Questa è la Germania che si prefigge un obiettivo ambizioso entro il 2050: arrivare al 60% di energia e all’80% di elettricità prodotte da fonti rinnovabili, in particolare biomassa, la fonte più utilizzata (70%), seguita da fotovoltaico ed eolico.
Il numero di impianti in Germania ha superato i 7.100 con una potenza installata di circa 2.700 MW e ben 3,7 milioni di nuclei familiari che utilizzano elettricità da biogas” (Il Sole24 ore – 30 gennaio 2012)
E’ stato detto che il Comune di Cortona ha deliberatamente confinato l’impianto ai limiti del territorio comunale. FALSO: l’ubicazione degli impianti è stata scelta dalle aziende proponenti, senza interferenza alcuna. Pertanto un impianto sorgerà al confine con il Comune di Castiglione del Lago, l’altro in pieno territorio comunale.

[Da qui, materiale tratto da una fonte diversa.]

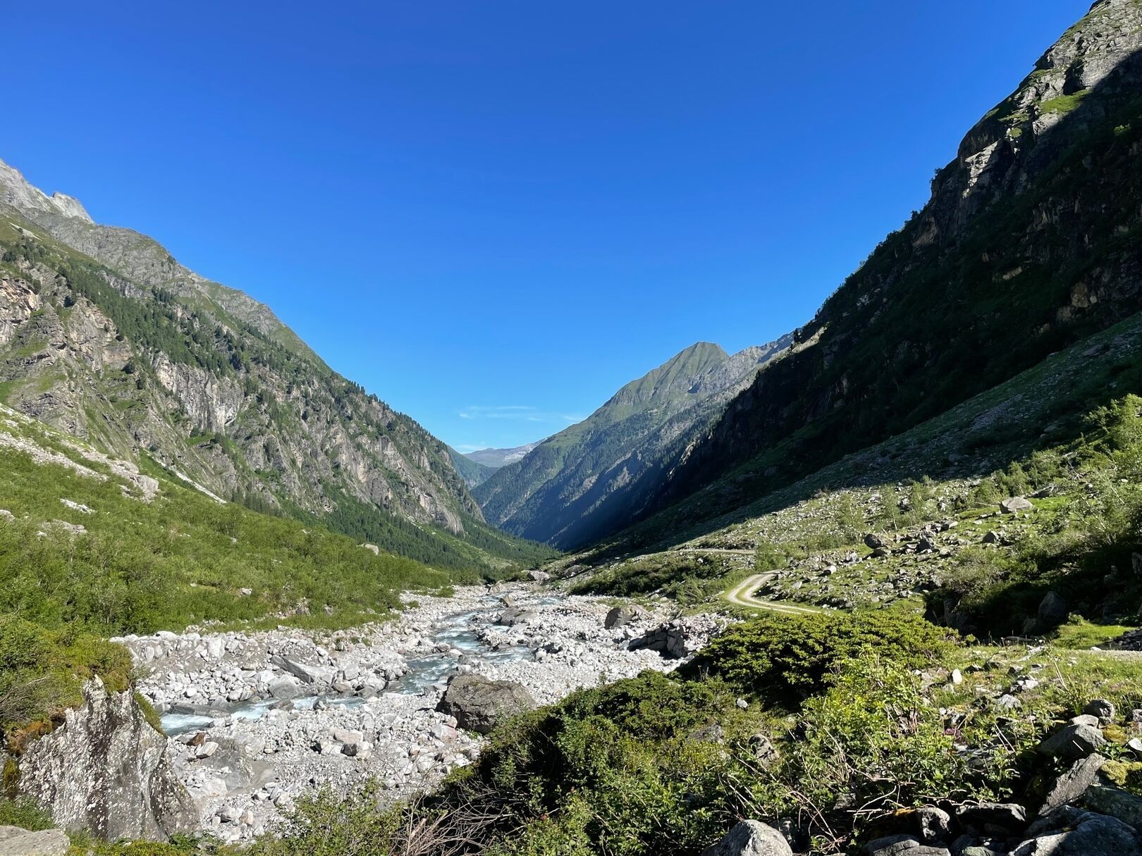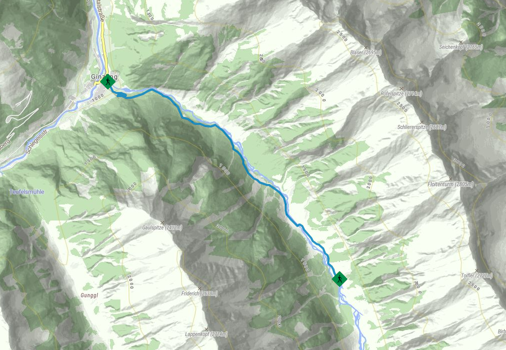 The family-friendly hike to the natural gem "Floitengrund" is easily manageable even with small children. First, trail number 521 leads you along the paved road to the Tristenbachalm, 1.200 m. From there, you follow the same trail number along the Floitenbach stream to the Steinbockhütte, 1.380 m. Both serviced huts invite you to stop and enjoy. You return via the same route.
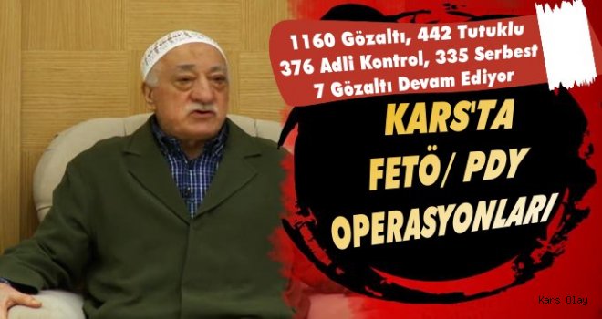 Edinilen bilgilere göre Fethullahçı Terör Örgütü/Paralel Devlet Yapılanmasına yönelik yapılan operasyonlar kapsamında bugüne kadar Kars’ta toplam 1160 kişi gözaltına alındı. Bunlardan 442’si çıkarıldıkları mahkemece tutuklandı. 376 kişi adli kontrol, 335 kişi çıkarıldıkları mahkemece serbest bırakılırken, 7 kişinin de gözaltı süresi devam ediyor. - Kafkas Haber Ajansı

In conclusione, ringrazio gli organizzatori per avermi invitato, tramite face book, a partecipare all’assemblea. Mi rammarico tuttavia che, nonostante avessi espresso più volte la disponibilità a presentare al Comitato i due progetti, non sia stato convocato. Forse avrei potuto contribuire a garantire una migliore informazione. Ritengo che fare cattiva informazione (mi riferisco agli impianti a biometano e non entro nel merito degli altri argomenti dibattuti), al di là delle cause perseguite, giuste o sbagliate, non sia un buon servizio alla cittadinanza e si finisca col perdere credibilità su tutti i fronti.